From "A Writer's notebook" by Somerset Maugham

Somerset Maugham here talks of the great vina vidwan of Travancore, Sri. Parameswara Bhagavatar

p. 242

The vina-player. He was a stoutish man of forty, clean-shaven, with all his front part of his head shaven too; his hair, long at the back, was tied in a knot. He was dressed in a dhoty and a collarless shirt. He sat on the floor to play. His instrument was highly decorated, carved in low relief and ending in a dragon's head. He played for a couple of hours, now and then breaking into a few bars of song, music hundreds of years old, but some much less, music of the last century when under a Maharajah of Travancore, himself was an accomplished musician, there was great enthusiasm for the art. It is elaborate music, which requires all your attention, and I do not think I could have followed it at all if I hadn't had some acquintance with modern music. It is slowly rhythmical and when your ear gets accustomed to it various and tuneful.
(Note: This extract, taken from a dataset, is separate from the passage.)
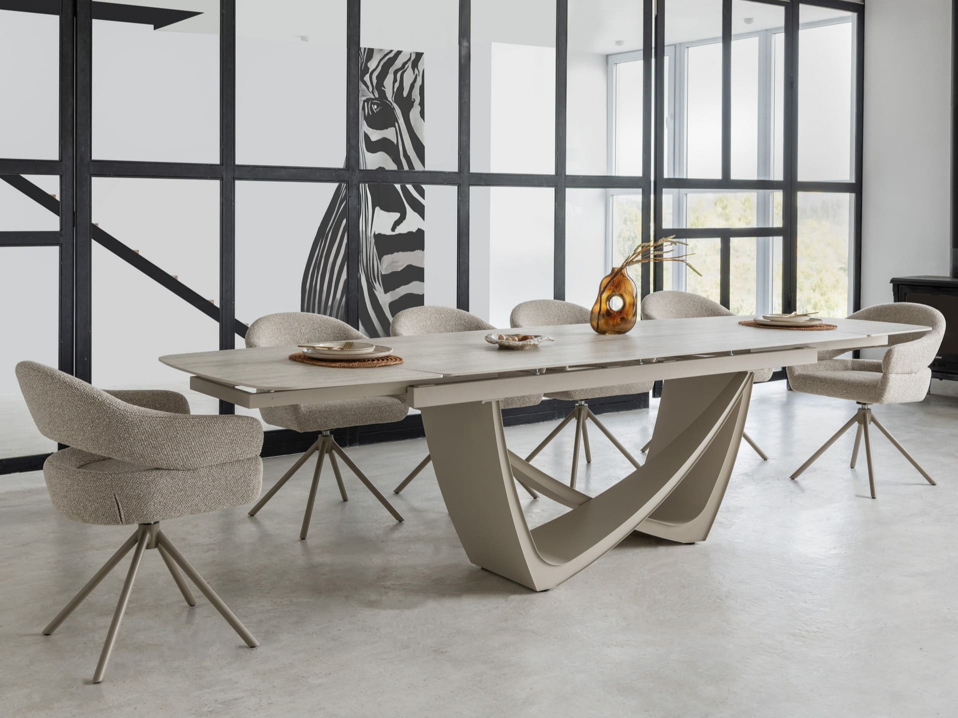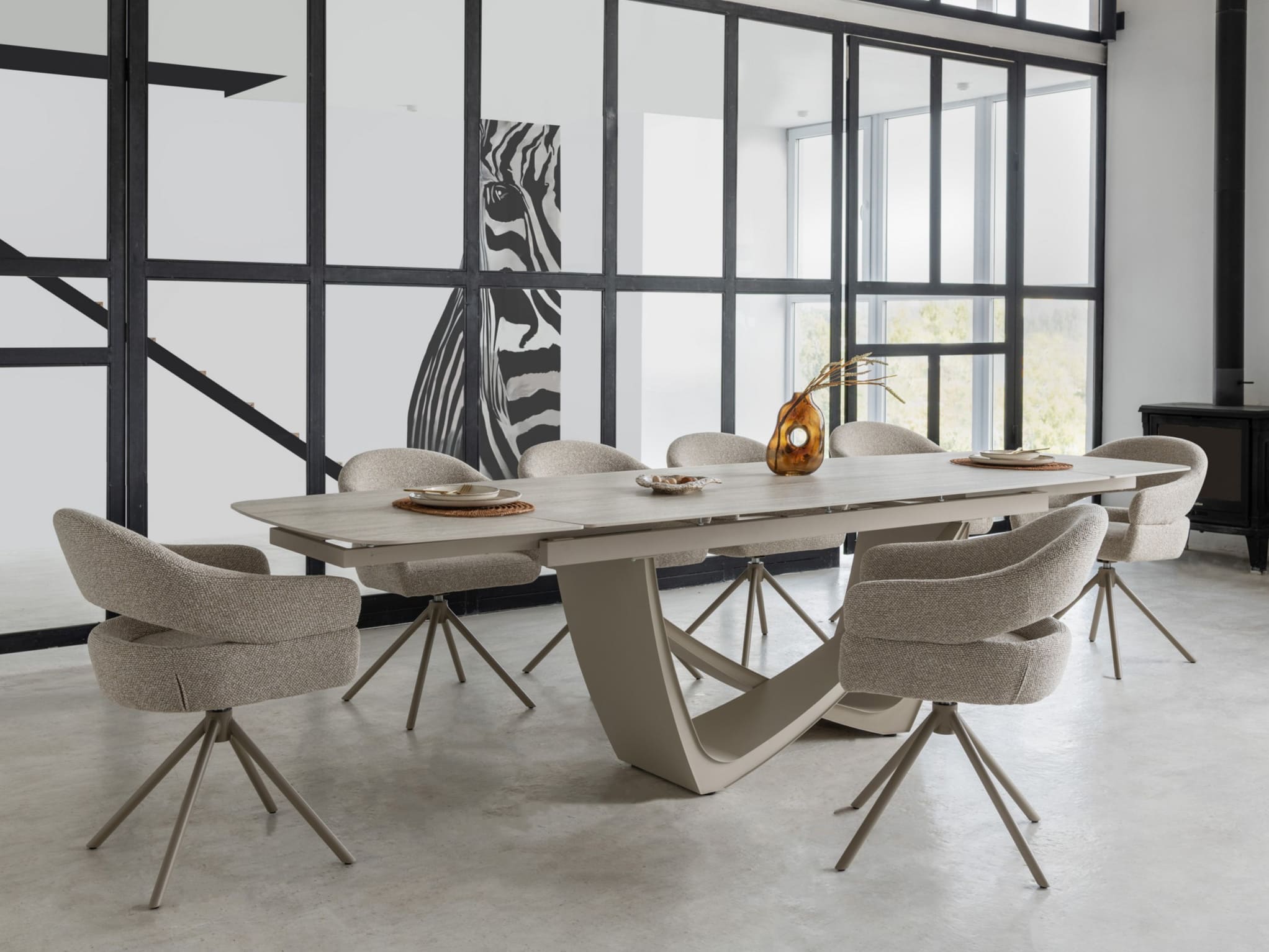 Стол оснащён раскладной конструкцией с боковым механизмом, который позволяет легко увеличить длину столешницы с 200 см до впечатляющих 300 см. Это делает модель идеальным выбором для больших семей или приёма гостей — за столом комфортно разместятся до 12 человек.

Of late years the composers have been not a little influenced by modern music, European music, and it is queer in these Eastern melodies to discern a faint recollection of the bag-pipes or the martial din of a military band.

p. 243

The first courtyard at night would surely lose its dusty neglected aspect, and under the moon and the stars, cool and silent, form a romantic setting. I should have liked to listen there to the vina-player, his absorbed and serious face lit by the smoky flame of a brass lamp, its wick floating in coconut oil.